### Instructions for the task:
Could you write out exactly, and only, the lines from the one containing "Digital Sheet Music" through the last line of the data, leaving out all pictures?

### Information supplied:
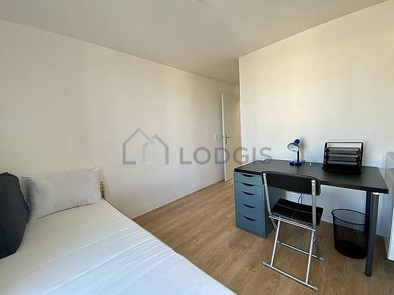 Con del parquet al suolo questa camera splendida offre l'equipaggiamento necessario per riposarti durante il tuo soggiorno : coperte, scrivania, armadio, 1 sedia (e), lamp, bin1 letto.
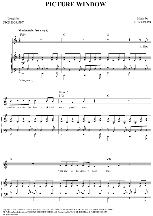 Digital Sheet Music for Picture Window by Ben Folds, Nick Hornby scored for Piano/Vocal/Chords; id:454440
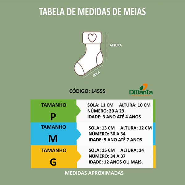 Mais medidas MEDIDAS DA SOLA DA MEIA. P 11 CM 2 A 4 ANOS (N 18 A 23) M 13 CM 5 A 7 ANOS (N 30 A 34) G 15 CM 8 A 12 ANOS OU MAIS (N 34 A 37).

### Exercise output:
 Digital Sheet Music for Picture Window by Ben Folds, Nick Hornby scored for Piano/Vocal/Chords; id:454440
 Mais medidas MEDIDAS DA SOLA DA MEIA. P 11 CM 2 A 4 ANOS (N 18 A 23) M 13 CM 5 A 7 ANOS (N 30 A 34) G 15 CM 8 A 12 ANOS OU MAIS (N 34 A 37).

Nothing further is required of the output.